About the finish choice for when you get to refinishing, if the table is intended for drinks, hot or cold, and you want to prevent it getting stained again you're going to want to look at something more than an oil or oil and wax mixture. I love the look they give myself, but neither one provides the level of protection we're used to today on modern furniture. 

I would highly recommend wiping on some varnish, or at minimum using an oil and varnish mix such as a Danish oil.


----------



## GrahamF (14 Dec 2015)

ED65":mfh2z4ci said:


> I was reading on a couple of guitar forums that acetone will strip cellulose lacquer very effectively. This is less pongy than cellulose thinners and may be cheaper too.
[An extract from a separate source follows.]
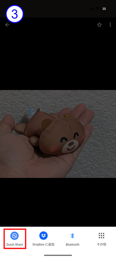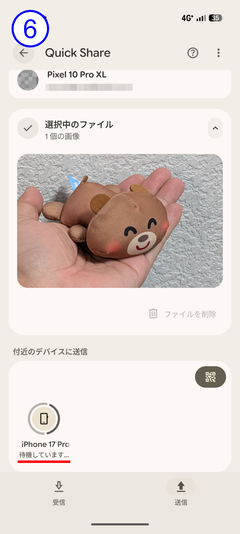 まずPixel 10で送信したい写真を開いて「共有」アイコンをタップし、その中にある「Quick Share」をタップする。Quick Shareが起動して画像のプレビューが表示されるとともに、付近のデバイスが検索され、iPhoneが検出される。アイコンをタップし、表示が「待機しています...」に変わったら、Pixel 10側での操作は終了だ。

If you can't find acetone where you'd buy your usual finishing supplies I think Poundland do a pure acetone in small bottles, you'll find it where the nail supplies are.



Plenty of acetone by mail order and always stocked by glassfibre suppliers. http://www.speedyplasticsandresins.co.u ... Apd88P8HAQ


----------



## ED65 (15 Dec 2015)

That's a great price for 5 litres of Acetone, thanks Graham.


----------



## zak99 (20 Dec 2015)

Thanks for all the helpful answers. I'd never heard of osmo before. Is that my best chance of getting an original looking finish. Is a cellulose spray an option? (If thats is whats on there now?)

Tks again.


----------



## ED65 (21 Dec 2015)

zak99":10ku99zm said:


> Is that my best chance of getting an original looking finish.


That's an interesting question. I don't know what they used originally, but it's quite possible it was cellulose lacquer in that period. Anyway if we take it that is what was used you'd imagine you'd have to use the same thing to make it look the same. 

But actually numerous finishes can look similar depending on how they're applied. In fact it's notoriously difficult, often impossible, to tell finish type from looking at a completed piece of furniture. This is why there are various rule-in and rule-out tests for film finishes to see whether it's shellac, varnish (any type) or a lacquer that you're dealing with. All of them can look similar enough that you cannot tell by looking.

A little bit of finish history illustrates this neatly. When Scandinavian furniture started to be imported to the US in the post-war period the finish wasn't known (it was mostly spray lacquer) but the look was admired so some experiments ensued and they came up with something that gave the right look. What they came up with was an oil+varnish blend and the link to Scandi furniture is the source of the original name for this type of finish, Danish oil. 

Regardless of what was used originally I'm sure if you try wiping diluted poly onto the table you'll be quite happy with it, application is virtually foolproof, it provides good protection (better than Danish oil and other oil+varnish blends because it dries harder) and it also yellows less over time because of the lower oil content.


----------



## Shrubby (21 Dec 2015)

I was talking to someone running a business in High wycombe refinishing local mid-century furniture. Their clear finishing was done with Osmo. The old finish was sanded off with a fine pitch random orbit machine
I like the 3032 satin, but you can buy it in sample pots to try the different sheen levels
Matt


----------



## zak99 (4 Jan 2016)

Thanks very much for all the help. I ordered the Osmo. Hoping to strip and sand the top this week. Hoping I can just strip the top and blend in to original finish just as the top curves underneath.

I'll let you know how it goes.


----------



## ED65 (5 Jan 2016)

zak99":3veoxobl said:


> Hoping I can just strip the top and blend in to original finish just as the top curves underneath.


They say you can't do this but I've gotten away with it once or twice so it is possible. Just be careful at the edges with the stripper, it does want to drip given half a chance!


----------



## Hanhouston (29 Apr 2018)

Do you sand by hand?


----------